» **INFORMATION SHOWN**:
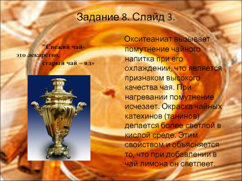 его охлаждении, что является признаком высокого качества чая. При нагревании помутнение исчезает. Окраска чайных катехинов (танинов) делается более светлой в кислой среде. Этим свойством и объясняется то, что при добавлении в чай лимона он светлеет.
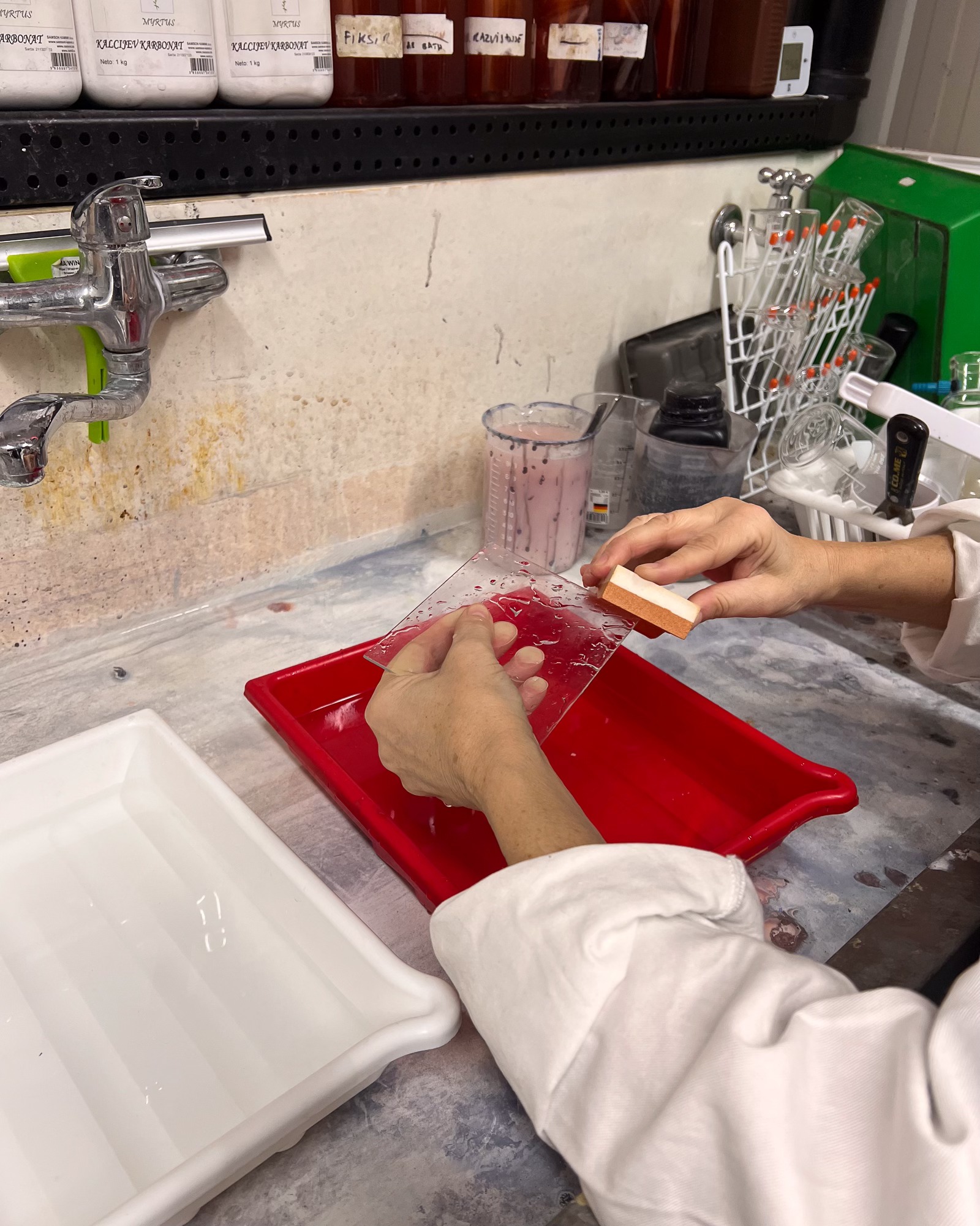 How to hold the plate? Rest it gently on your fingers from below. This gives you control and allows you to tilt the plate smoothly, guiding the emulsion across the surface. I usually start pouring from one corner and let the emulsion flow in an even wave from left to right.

...

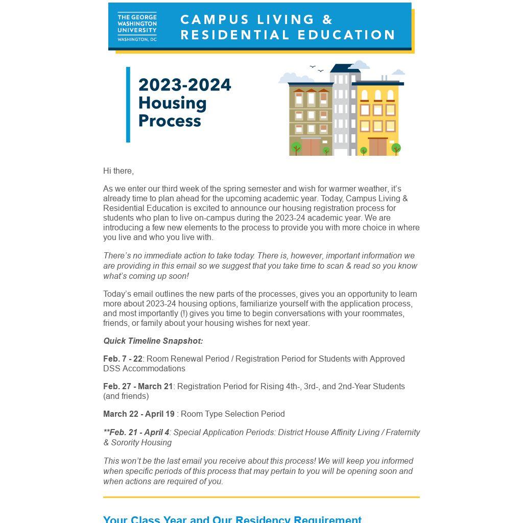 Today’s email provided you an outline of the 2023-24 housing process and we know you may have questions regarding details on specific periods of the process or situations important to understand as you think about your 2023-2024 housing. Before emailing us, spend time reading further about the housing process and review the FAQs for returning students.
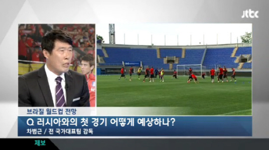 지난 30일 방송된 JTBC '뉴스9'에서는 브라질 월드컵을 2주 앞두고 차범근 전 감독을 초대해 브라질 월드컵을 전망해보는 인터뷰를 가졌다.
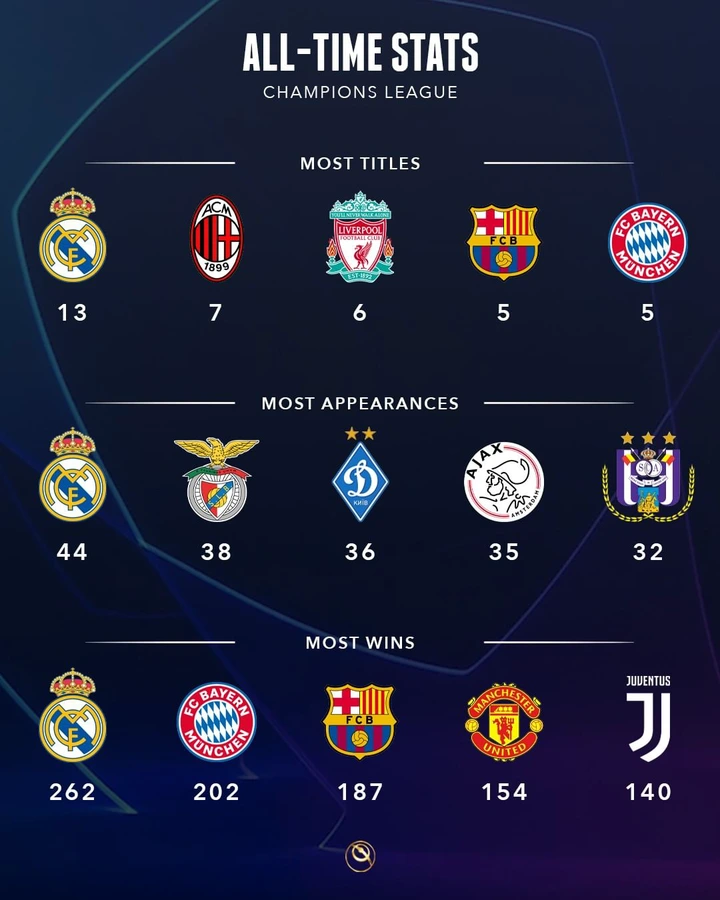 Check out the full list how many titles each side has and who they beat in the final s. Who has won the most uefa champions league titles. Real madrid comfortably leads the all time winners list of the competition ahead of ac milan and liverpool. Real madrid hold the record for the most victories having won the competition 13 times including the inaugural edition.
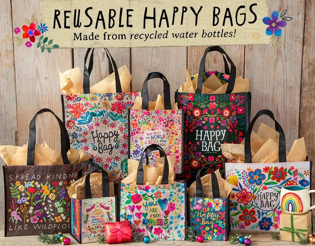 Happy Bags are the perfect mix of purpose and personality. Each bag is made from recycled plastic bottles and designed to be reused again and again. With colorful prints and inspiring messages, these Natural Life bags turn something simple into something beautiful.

* * *

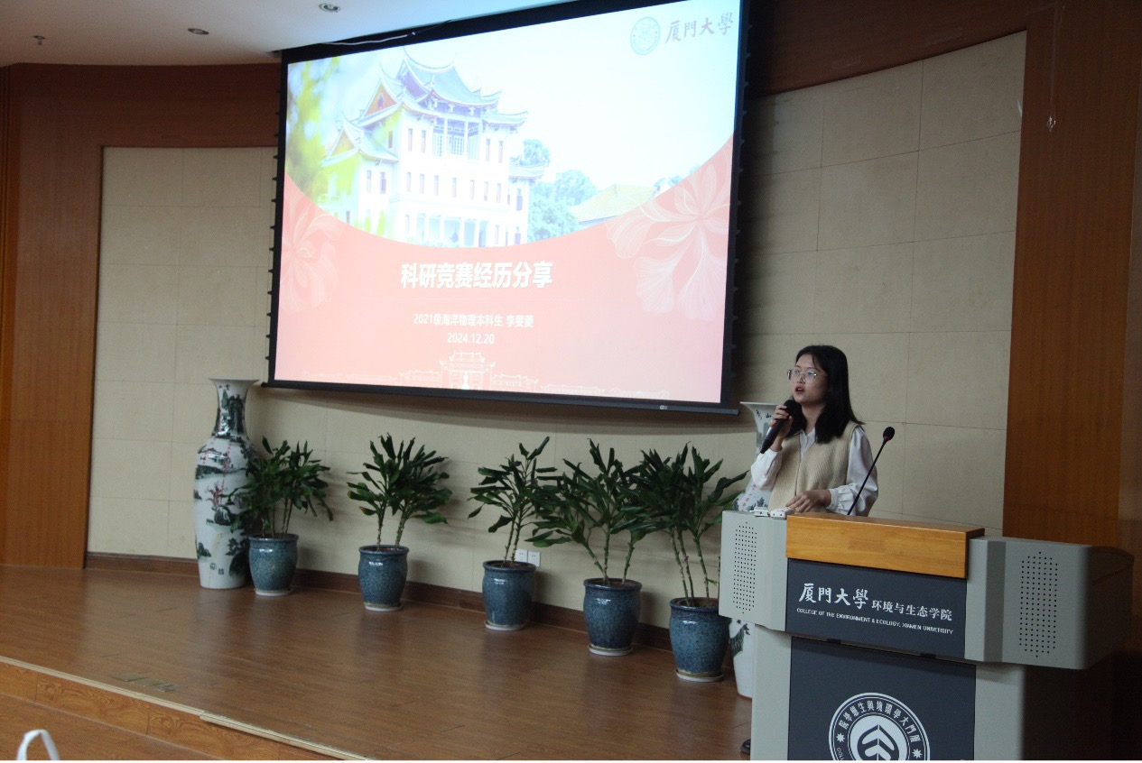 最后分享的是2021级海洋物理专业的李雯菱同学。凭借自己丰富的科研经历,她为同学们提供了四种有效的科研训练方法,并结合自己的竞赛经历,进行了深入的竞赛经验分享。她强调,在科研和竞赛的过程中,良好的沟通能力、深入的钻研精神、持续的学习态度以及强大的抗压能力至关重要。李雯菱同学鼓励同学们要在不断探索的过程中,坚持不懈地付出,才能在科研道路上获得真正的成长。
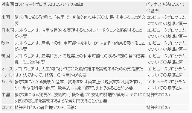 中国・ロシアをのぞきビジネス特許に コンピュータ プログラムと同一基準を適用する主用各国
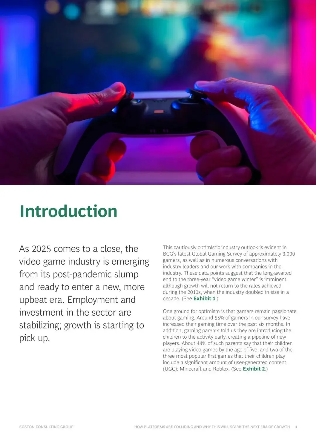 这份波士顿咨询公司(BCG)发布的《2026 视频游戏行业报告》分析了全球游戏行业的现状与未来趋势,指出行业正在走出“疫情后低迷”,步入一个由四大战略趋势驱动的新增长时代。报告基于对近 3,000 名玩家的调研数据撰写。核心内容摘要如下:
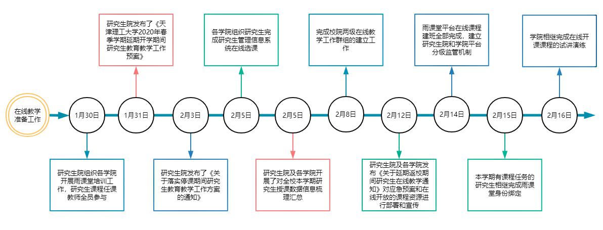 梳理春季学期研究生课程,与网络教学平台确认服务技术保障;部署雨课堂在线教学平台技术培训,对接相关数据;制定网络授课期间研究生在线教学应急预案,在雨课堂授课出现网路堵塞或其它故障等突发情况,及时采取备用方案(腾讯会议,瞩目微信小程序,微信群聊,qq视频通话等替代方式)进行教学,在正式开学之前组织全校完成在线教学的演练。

» **WHAT YOU NEED TO DO**:
Only the lines above from the one with "его охлаждении, что" to the one with "How to hold" should be printed, both included and exactly as written; no picture belongs in the copy.

» **FINISHED EXERCISE**:
 его охлаждении, что является признаком высокого качества чая. При нагревании помутнение исчезает. Окраска чайных катехинов (танинов) делается более светлой в кислой среде. Этим свойством и объясняется то, что при добавлении в чай лимона он светлеет.
 How to hold the plate? Rest it gently on your fingers from below. This gives you control and allows you to tilt the plate smoothly, guiding the emulsion across the surface. I usually start pouring from one corner and let the emulsion flow in an even wave from left to right.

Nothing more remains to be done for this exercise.